= Perfidious Albion (magazine) =

Boardgame and wargame magazine

Perfidious Albion was a British board game and wargame magazine, published and edited by Charles Vasey and Geoff Barnard.

==History==
In the early 1970s, Charles Vasey, a chartered accountant and wargames hobbyist, began to write reviews of the games that he played for small games magazines such as Military Modelling and Strategy & Tactics. Vasey and his acquaintance Geoff Barnard came to believe that other reviews being published at the time were either too deferential to the major game publishers such as SPI, or were written for game designers and publishers, not for the consumers who were buying the games.
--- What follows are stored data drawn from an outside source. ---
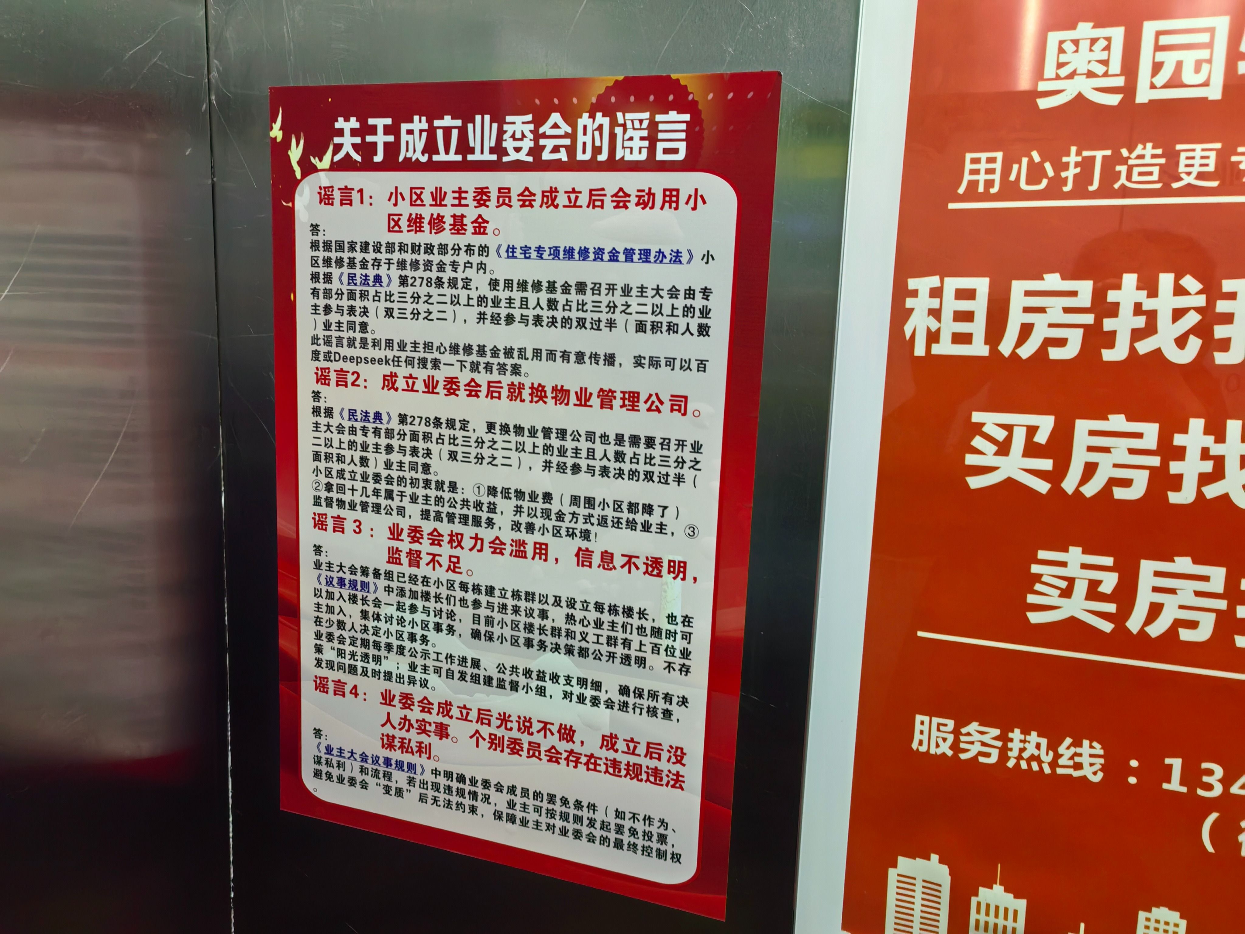 面对传言,小区业委会筹备组迅速行动。记者在电梯内看到了筹备组张贴的《关于成立业委会的谣言》声明,有针对性地驳斥了诸如“成立业委会后就换物业”等不实信息。声明援引《中华人民共和国民法典》指出,更换物业须经法律规定的严格程序,绝非业委会能擅自决定。
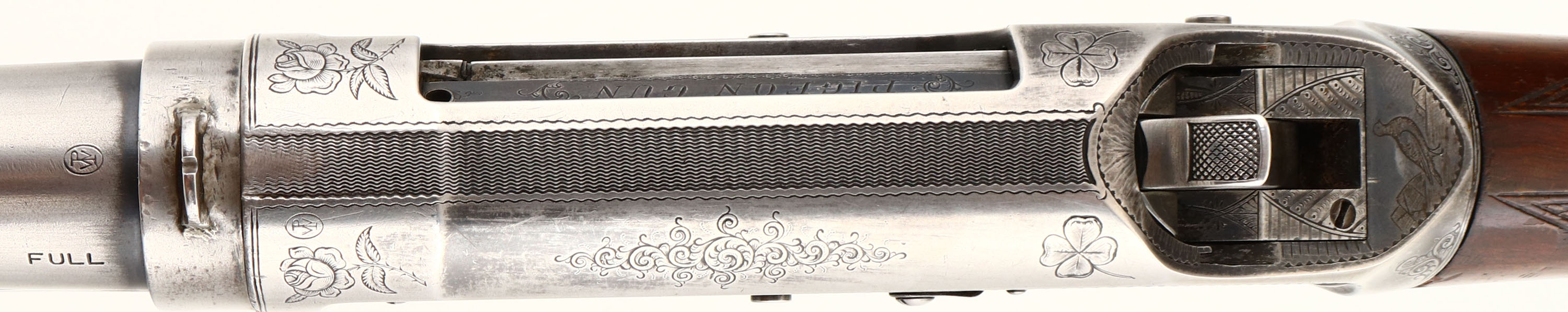 RARE Winchester, Model 1897 Engraved Pigeon Grade, 12 GA., MFG: 1913, SN: 585896, Pump Action Shotgun, 32'' no rib barrel, Full choke, Black Diamond Pigeon Grade, Take down, The original deluxe checkered & straight grip wood stocks are very good & solid. They display the original finish, with an added layer of finish to the stock & a few minor finish level scuffs or dings. The forearm has darkened from use & much of the original checkering has worn smooth. Black diamonds located in the wrist. The original metal blue finish rate 30% overall. Receiver displays panel scene engraving of a live pigeon shoot on the left, grouse hunter & dog on the right, & American scroll & border engraving on the underside& trigger guard. There is an engraved standing pigeon located behind the hammer. Trigger guard is also factory engraved ''P. J. FORD.''. There is a story this shotgun was presented to or at least was owned by an early member of the Ford automobile family, but no records or documents exist to prove that prominence. All engraving, lettering & address are legible. A fixed ''V'' rear sight has been added to the bridge of the receiver, while the barrel carries a single gold bead. The bore is very good. Stock carries a hardened solid red recoil pad. Esthetically, a very nice example of a fairly rare shotgun. FFL or C&R Req. - Value: 3000 to 4500
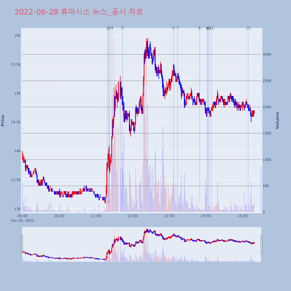 | 6 | [특징주] 휴마시스, 원숭이두창 진단키트 개발 착수 소식에 강세 제목 : [특징주] 휴마시스, 원숭이두창 진단키트 개발 | 인포스탁 | 휴마시스 | 2022-06-28 13:07:22 |
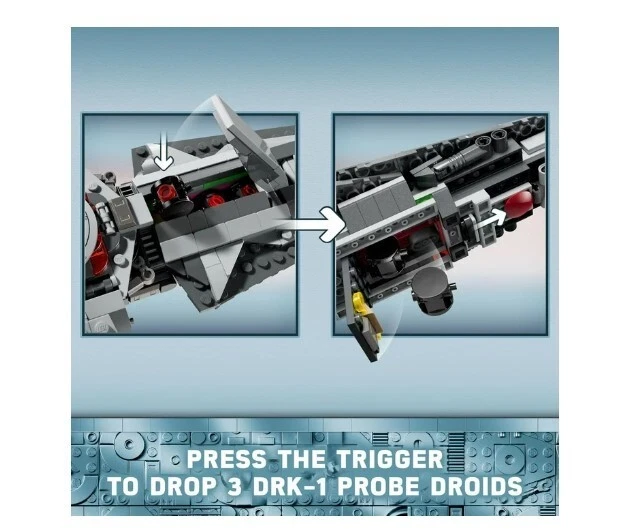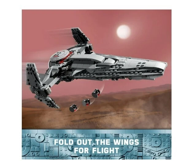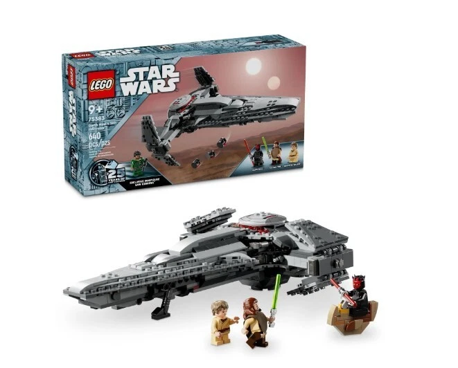 LEGO Star Wars: The Phantom Menace Darth Maul’s Sith Infiltrator Starship Toy Product details Build Darth Maul’s Sith Infiltrator (75383) and role-play his pursuit of Qui-Gon Jinn from Star Wars: The Phantom Menace with this starship building toy for kids ages 9 and up. A gift idea for Star Wars fans and collectors, this unique set features a detailed LEGO brick-built toy model of Darth Maul’s personal starship, with lots of playful features to inspire action-packed fantasy adventures. Fold out the wings and retract the landing gear for flight, fire the 2 spring-loaded shooters and press the trigger to drop 3 DRK-1 Probe Droids from the front compartment. There are 4 LEGO minifigures for creative play: Darth Maul, Anakin Skywalker and Qui-Gon Jinn, plus an exclusive LEGO Star Wars 25th anniversary Saw Gerrera minifigure with a display stand. Darth Maul is equipped with a double-bladed lightsaber, and Qui-Gon Jinn has a lightsaber for duels, and the set also includes Darth Maul’s Bloodfin speeder, which fits inside the starship cockpit. Contains 640 pieces. LEGO Star Wars brick-built Darth Maul starship toy – Recreate Darth Maul’s Sith Infiltrator and Bloodfin speeder, and play out Star Wars: The Phantom Menace scenes with this building toy for kids Fantasy-adventure building toy with 4 LEGO minifigures – Darth Maul, Anakin Skywalker and Qui-Gon Jinn, plus an exclusive LEGO Star Wars 25th anniversary Saw Gerrera minifigure with a display stand Playful details – Features foldout wings for flight, retractable landing gear, 2 spring-loaded shooters and a trigger-operated hatch to release the 3 DRK-1 Probe Droids from the front compartment Collectible building toy for creative play – Darth Maul can sit on his Bloodfin speeder in the starship’s cockpit, and the set also includes his double-bladed lightsaber and Qui-Gon Jinn’s lightsaber Gift idea for kids ages 9 and up – This LEGO Star Wars starship building toy makes a fun birthday gift for boys, girls and any Star Wars fan or collector Collectible Star Wars building toys for kids and all ages – LEGO Star Wars sets allow kids and adult fans to relive classic scenes, role-play unique stories or simply display the buildable models Build, play and display – The brick-built Star Wars toy starship in this 640-piece LEGO building set measures over 3 in. (7 cm) high, 11 in. (27 cm) long and 7.5 in. (20 cm) wide More details Features Collectible Brand LEGO Age Range 9 Years & Up Character Darth Maul Product Line LEGO Star Wars Theme LEGO Star Wars Manufacturer LEGO System Inc Material Plastic Color Multicolor Assembled Product Weight 1.74 lb Assembled Product Dimensions (L x W x H) 13.94 x 7.52 x 3.58 Inches
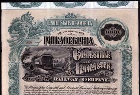 Pennsylvania, 1904, $1,000 Issued bond, 5% first mortgage 30 year gold bond. Green border with interurban train passing man and dog on left with ornate title vignette, SBNC, Philadelphia with coupons, VF. Scarce and attractive.
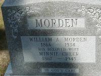 William Anderson Morden was born on 3 June 1866 at Rednersville, Prince Edward Co., Ontario; Date Jun 3 1866 & location Rednersville per Death Reg'n. Date Jun 2 1867 & location Ont. rural per 1901 Census. Date 1867 & location Ont. per 1891 Census. Date 1866 & location Prince Edward Co. per marr. reg'n. Date 1866 per Memorial.1,2,3,4,5 He lived on 5 October 1887 at Brighton, Northumberland Co., Ontario; Residence Brighton per marr. reg'n.1 He married Minnie Edna Cheer, daughter of Henry Cheer and Lucinda Victoria Davidson, on 5 October 1887 at Brighton, Northumberland Co., Ontario; Marriage Reg'n.#008687: Groom: William Anderson Morden; Age: 21; Res.: Brighton; Born: Prince Edward Co; Status: bachelor; Occ.: Gardener; Parents: Daniel & Harriet Morden; Bride: Minnie Edna Cheer; Age: 20; Res. & Born: Brighton; Status: spinster; Parents: Henry Cheer & Lucinda Davidson; Wit.: Frederick & Eva Leach, Brighton; Date: Oct 5 1887; Place: Brighton; Rel.: Meth; Performed by: John J. Leach; Reg'r.: M. K. Lockwood (Ontario Marriage Registration, #008687-1887, ancestry.com.)6 William Anderson Morden appeared on the census of April 1891 at Brighton Twp., Northumberland Co., Ontario; Age 24 at 1891 Census: Morden, William, 24, b. Ont., p.b. Ont., Meth., farmer, married; Minnie, 22, b. Ont., p.b. Ont., Meth., married; Ray, 2; Burton, 11/12 (1891 Census: Brighton Township, Northumberland Co., dist. 98, sub-dist. a-2, pg. 12, line 16 - ancestry.com.)4 He appeared on the census of April 1901 at Trenton, Hastings West Co., Ontario; Age 33 at 1901 Census: Morden, Wm. Anderson, 33, b. Ont. r. Jun (Jany?) 2 1867, Eng., Meth., ?shash?factor foreman, married; Minnie, 32, b. Ont. r. Jany? 29 1868, Eng., Meth., married; Pernous? Ray(m), 12, b. Ont. r. Oct 2 1888, son; Percival Roy, 10, b. May 22 1890, son; Alice Gladys?, 6, b. Ont. r. Aug 31 1894, daughter (1901 Census: Trenton Town, Hastings West Co., dist. 72, sub-dist. C - 6, pg. 9, line 37 - ancestry.com.)5 He died on 29 December 1934 at House of Refuge, John St., Whitby, Ontario Co., Ontario, at age 68; Death Reg'n.#025569: Name: William A. Morden; Date: Dec 29 1934; Age: 68y 6m 16?d; Born: Rednersville, Prince Edward co., Jun 3 1866; Place: House of Refuge, John St., Whitby, 66 days; Res.: Whitby; Status: married; Occ.: retired Chief of Police; Parents: Daniel Morden & Harriet McKim, b. Wellington, Prince Edward Co; Inf.: James M. Reed, Whitby, no rel; Burial: Trenton, Ont., Dec 31 1934; Und.: Pheers? Evans Servcie?, Whitby; Reg'd.: Dec 31 1934; Reg'r.: John R. ?Frost, Whitby (Ontario Death Registration, #025569-1934, ancestry.com) Date 1934 per Memorial.2,7 He was buried on 31 December 1934 at Mount Evergreen Cemetery, Trenton, Hastings Co., Ontario; Memorial: (See Memorial) MORDEN; William A. Morden; 1866 - 1934; His Beloved Wife; Minnie Cheer; 1867 - 1945 (Mount Evergreen Cemetery, Trenton, aug 28 2005.)2,3
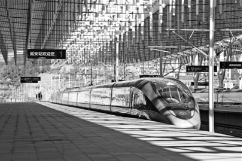 圖為試驗動(dòng)車(chē)組駛入延安站。張黎芝攝
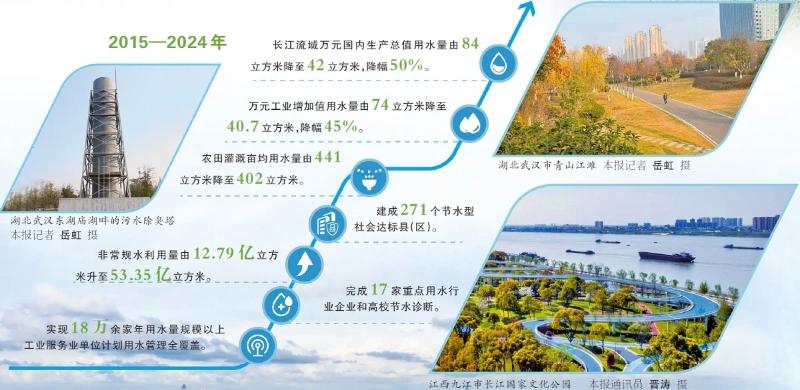 2024年,长江流域万元GDP(地区生产总值)用水量、万元工业增加值用水量,较2015年分别下降50%和45%。
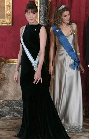 在會見西班牙王儲妃萊蒂西亞時(shí),布魯尼身穿黑色長裙,頭發(fā)高高挽起,露出美麗后背,成為眾人矚目的焦點(diǎn)。但是王儲妃萊蒂西亞頭頂皇冠,一身淺色綢緞長裙,曳地閃閃發(fā)光,多少搶去了布魯尼的一些風(fēng)頭。
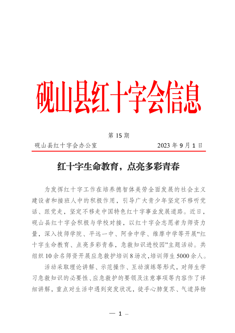 红十字生命教育 点亮多彩青春

When the 1975 publication of the popular wargame Tobruk by Avalon Hill resulted in more shallow reviews, Barnard convinced Vasey that they should create a zine dedicated to in-depth, objective and critical reviews of wargames.

The result was Perfidious Albion, a small self-published zine focussed on miniatures and board wargames. It was intermittent in frequency of publication and irregular in size. At the height of its popularity, Vasey said that it had a circulation of about 500.

==Awards==
- At the 1979 Origins Awards, Perfidious Albion was awarded the 1978 Charles S. Roberts Award as "Best Amateur Wargame Magazine".
- At the 1980 Origins Awards, Perfidious Albion was awarded the 1979 Charles S. Roberts Award as "Best Amateur Wargame Magazine".